Monsoon brings life to Buriganga
It is monsoon and the fishermen of Basila are all smiles. After nine months, they are back in business, fishing in the rain-fed Buriganga.
But the joy of fishing will soon be gone for Ratan Rajbangshi, who was born and raised in a fisherman's family. And that will be because when the monsoon ends, the Buriganga will shrink and stink again. The fishes will be gone. From October till June, the Buriganga will remain highly contaminated, thanks to the tannery wastes being dumped into the water for decades.
For now, though, Ratan and three of his associates catch five to six kg of fish daily, earning about Tk 1,700.
“This will last till September. After that we will be jobless. The river water will contain dangerous toxic materials then," says Laxman Rajbangshi, another fisherman.
A number of Rajbangshis say they are among the last of the fishermen in and around Dhaka.
Laxman says his forefathers, going back four generations, were born at Basila where they lived and died as fishermen. The Buriganga and other rivers around the capital were then more generous, their waters cleaner.
"None of my three sons has taken up this profession. They are working in factories," said Laxman.
Having perceived a grim future for their family profession, the youths of Shreekhanda village have turned to car servicing or factory jobs.
"We are witnessing the death of a livelihood of centuries," said Ratan Rajbangshi.
Three decades ago, the river threw up big fishes. Ratan remembers he and his father once caught a 30 kg ruhi fish. “The prawns were so big and tasty then.”
Since the late 1970s the Buriganga has become a dumping yard for tannery wastes.
As a result, the fishermen living on the river do not have a regular income. Hundreds have left the profession; hundreds others have left the villages to find a living elsewhere.
Those who considered living far from water very difficult initially sold off their fishing boats and whatever small patches of land they had to maintain their families. Now some fishermen work as day labourers at different construction sites, said Ratan and Laxman.
People living by the Buriganga say the Buriganga water is so contaminated that they cannot graze their cattle on the bank. Animals die if they drink from it.

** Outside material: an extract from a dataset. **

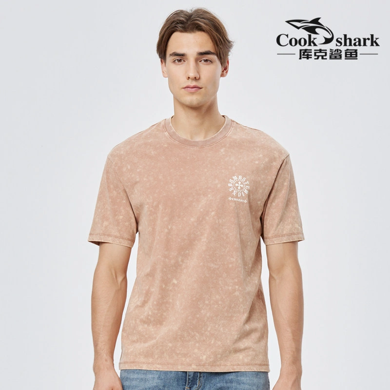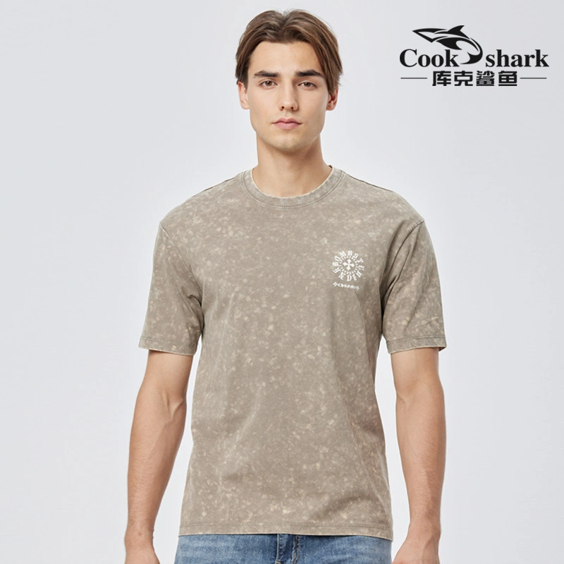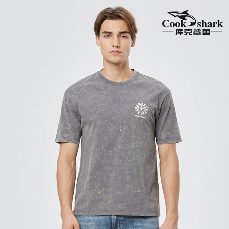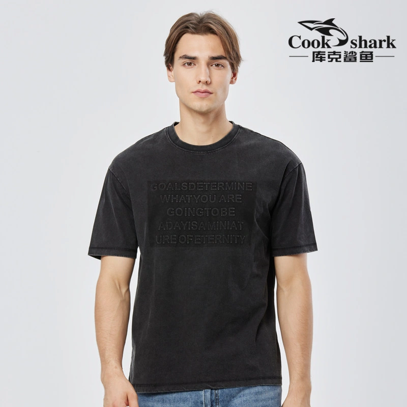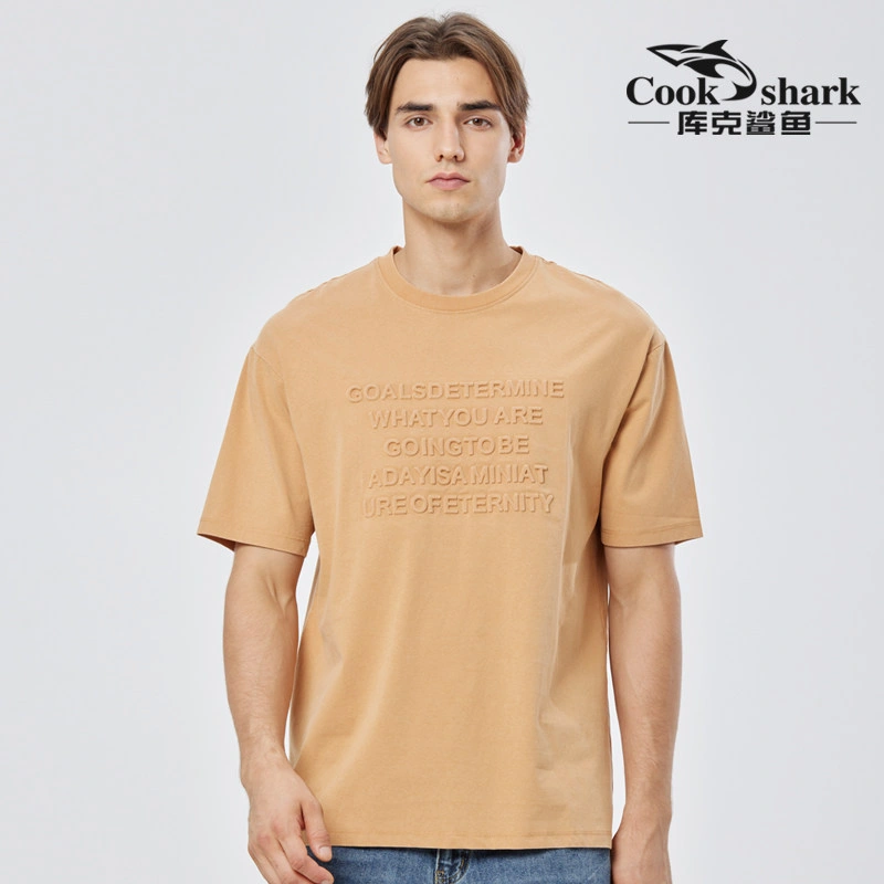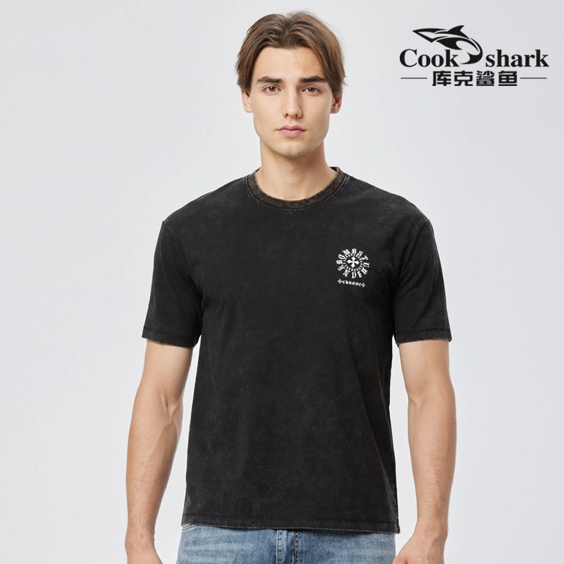 Cook Shark Short-Sleeve T-Shirt for Men, Summer 2024 New Style, Half-Sleeve Trendy Loose Fit White Casual Striped Tee

The sight of carcasses of cattle floating on the Buriganga is common in winter when the level of pollution heightens.
"Had the government taken some action to stop the pollution, many people like us could have led better lives," said Nitai, another fisherman, describing the miserable lives they lead.
On the government move to relocate the tannery industry to Savar, Nitai, in his thirties, said: "I have been hearing about the relocation since my boyhood."
After years of legal battles and bureaucratic tangles, the knot was finally untied in March this year when the industries ministry gave a work order to a Chinese company to set up an effluent treatment plant.
All necessary infrastructures such as roads, water treatment plants, gas and sewerage lines and electricity substation plant have also been set up.
But the factory owners are reluctant to move their factories and seek compensations from the government to move their factories from Hazaribagh to Savar leather city.